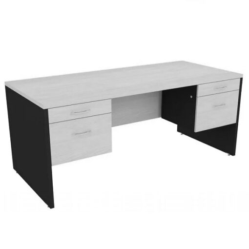 Escritorio ejecutivo fabricado en melamina 28mm de espesor color a elección con cantos en PVC termoadherido, doble cajonera de un cajón y una gaveta para archivo con mecanismo de cierre general con llave, medidas 1.80×0.80×0.75 varios colores a elegir
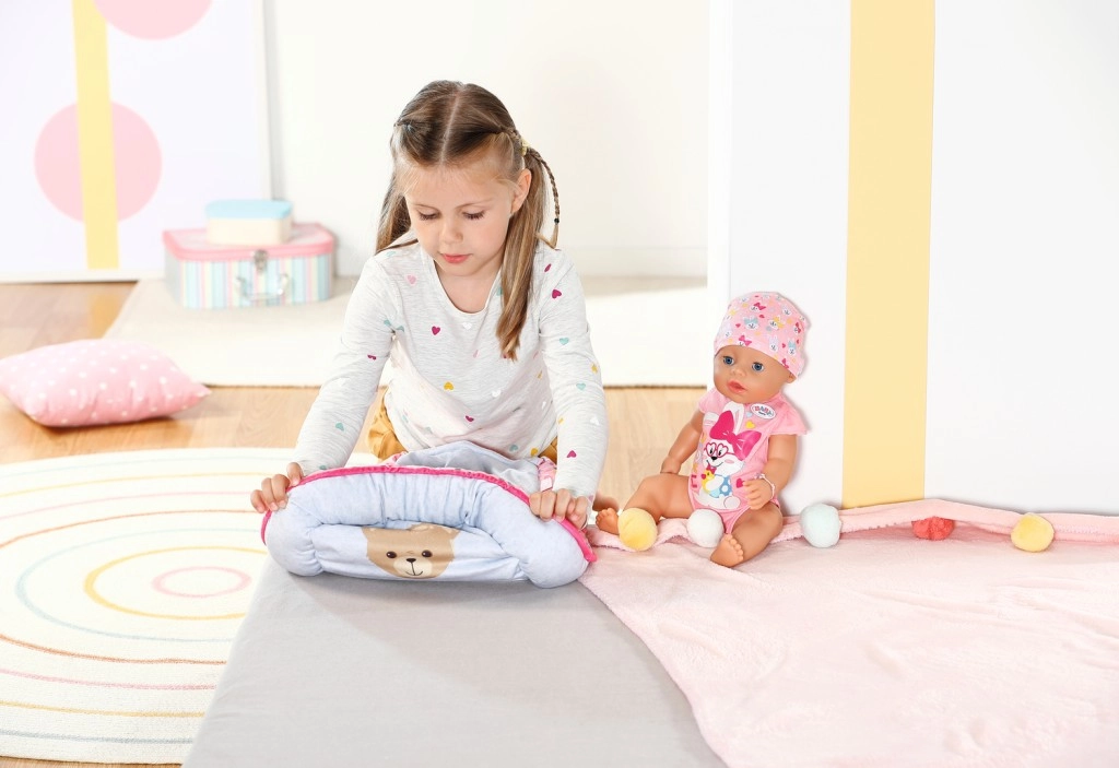 Descubre la magia de un nido divertido y confortable para muñecas BABY born. Está hecho de material suave y adornado con motivos coloridos que captan la atención de los niños.
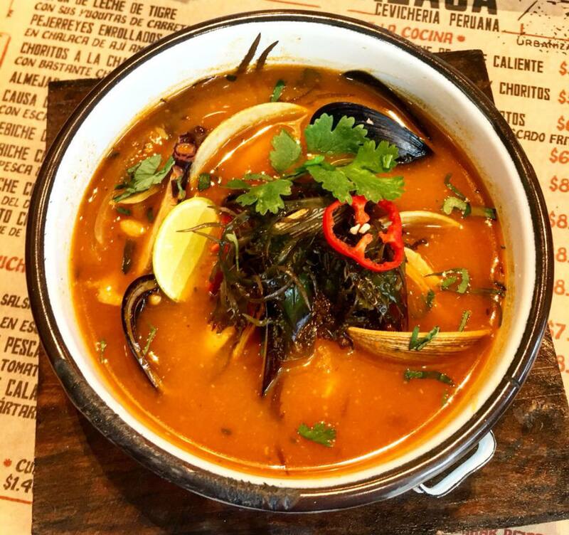 Aquí el concepto es el mismo, un caldo sabrosísimo, hecho con un fondo de jaiba, cebolla, ajo y ají amarillo, al que se suman mariscos como choritos y almejas, más camarón, pulpo y el pescado del día que puede ser róbalo o reineta. Riquísima.
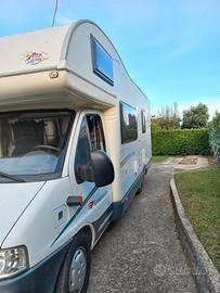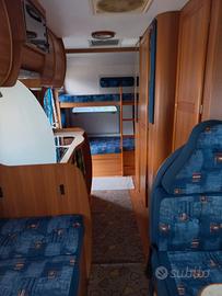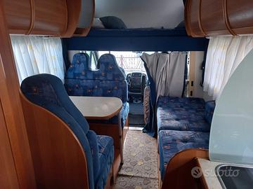 Camper mansardato lungo 7,25m. Posti letto 7 - 4 fissi + 3 da dinette - omologati viaggio 5. Motore Fiat Ducato 2.8jtd km 87.000 originali, sempre ben tenuto e risistemato a 07.2020. Gomme 4 stagioni Michelin per camper nuove + tagliando completo e revisione 06/ 2025. Bagno con box doccia separato. Diversi optional fra i quali: veranda, portabici per 2, webasto a gasolio, stufa truma a gas, antenna tv, doppio serbatoio acqua, aria condizionata cabina. Doppio letto a castello in coda larghezza camper, eventualmente alzabile per aumento carico.
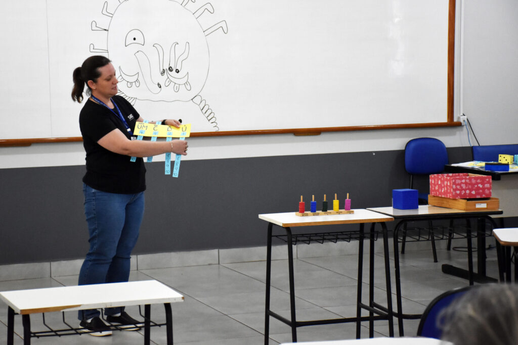 O Governo Municipal de São Miguel do Iguaçu, por intermédio da Secretaria de Educação, realizou nesta terça-feira, 30, na Uniguaçu, um dia de formação em matemática para os professores dos 4º e 5º anos da Educação Fundamental. O objetivo foi reforçar os conteúdos básicos e fundamentais desta disciplina. “A falta de entendimento desses conteúdos em sala de aula dificulta o avanço da criança”, disse a diretora pedagógica da secretaria, Eliane Noeli Schemmer Frazão. A secretaria realizou recentemente a primeira etapa de avaliação diagnóstica e os alunos tiveram melhor desempenho no componente curricular de Língua Portuguesa, com 61,07% de aproveitamento. No componente de Matemática, o índice de aproveitamento foi de 58,61%. “Essa formação busca resgatar os conteúdos dessa disciplina para que esses índices subam”, completou Eliane. A professora Hellen Eduarda Witkoski Guimarães, do 5º ano da Escola Pequeno Príncipe, contou que a formação vai enriquecer o aprendizado dos professores na aplicação da matemática. “Tradicionalmente essa disciplina tem trazido dificuldades para alguns alunos”, relatou. Para a secretária de Educação, Solange Gamba, a matemática é um desafio no processo de ensinar e quanto mais se debruçar sobre ela, melhores serão os resultados. “Nossa equipe pedagógica está sempre atenta ao desempenho dos alunos nessa e outras disciplinas”, finalizou. ASSESSORIA DE COMUNICAÇÃO, IMPRENSA E MIDIA SOCIAL
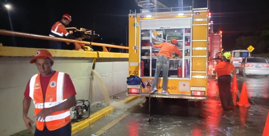 Santiago.- Personal de la Defensa Civil en esta provincia, junto a los bomberos locales, trabajó en la mitigación de las inundaciones que se presentaron en el elevado de la avenida Estrella Sadhalá y otras zonas de la parte urbana, debido a las fuertes lluvias.
====================
* _Exercise aim_
Leaving every picture aside, repeat the listing exactly.

* _Answer space_
 Escritorio ejecutivo fabricado en melamina 28mm de espesor color a elección con cantos en PVC termoadherido, doble cajonera de un cajón y una gaveta para archivo con mecanismo de cierre general con llave, medidas 1.80×0.80×0.75 varios colores a elegir
 Descubre la magia de un nido divertido y confortable para muñecas BABY born. Está hecho de material suave y adornado con motivos coloridos que captan la atención de los niños.
 Aquí el concepto es el mismo, un caldo sabrosísimo, hecho con un fondo de jaiba, cebolla, ajo y ají amarillo, al que se suman mariscos como choritos y almejas, más camarón, pulpo y el pescado del día que puede ser róbalo o reineta. Riquísima.
 Camper mansardato lungo 7,25m. Posti letto 7 - 4 fissi + 3 da dinette - omologati viaggio 5. Motore Fiat Ducato 2.8jtd km 87.000 originali, sempre ben tenuto e risistemato a 07.2020. Gomme 4 stagioni Michelin per camper nuove + tagliando completo e revisione 06/ 2025. Bagno con box doccia separato. Diversi optional fra i quali: veranda, portabici per 2, webasto a gasolio, stufa truma a gas, antenna tv, doppio serbatoio acqua, aria condizionata cabina. Doppio letto a castello in coda larghezza camper, eventualmente alzabile per aumento carico.
 O Governo Municipal de São Miguel do Iguaçu, por intermédio da Secretaria de Educação, realizou nesta terça-feira, 30, na Uniguaçu, um dia de formação em matemática para os professores dos 4º e 5º anos da Educação Fundamental. O objetivo foi reforçar os conteúdos básicos e fundamentais desta disciplina. “A falta de entendimento desses conteúdos em sala de aula dificulta o avanço da criança”, disse a diretora pedagógica da secretaria, Eliane Noeli Schemmer Frazão. A secretaria realizou recentemente a primeira etapa de avaliação diagnóstica e os alunos tiveram melhor desempenho no componente curricular de Língua Portuguesa, com 61,07% de aproveitamento. No componente de Matemática, o índice de aproveitamento foi de 58,61%. “Essa formação busca resgatar os conteúdos dessa disciplina para que esses índices subam”, completou Eliane. A professora Hellen Eduarda Witkoski Guimarães, do 5º ano da Escola Pequeno Príncipe, contou que a formação vai enriquecer o aprendizado dos professores na aplicação da matemática. “Tradicionalmente essa disciplina tem trazido dificuldades para alguns alunos”, relatou. Para a secretária de Educação, Solange Gamba, a matemática é um desafio no processo de ensinar e quanto mais se debruçar sobre ela, melhores serão os resultados. “Nossa equipe pedagógica está sempre atenta ao desempenho dos alunos nessa e outras disciplinas”, finalizou. ASSESSORIA DE COMUNICAÇÃO, IMPRENSA E MIDIA SOCIAL
 Santiago.- Personal de la Defensa Civil en esta provincia, junto a los bomberos locales, trabajó en la mitigación de las inundaciones que se presentaron en el elevado de la avenida Estrella Sadhalá y otras zonas de la parte urbana, debido a las fuertes lluvias.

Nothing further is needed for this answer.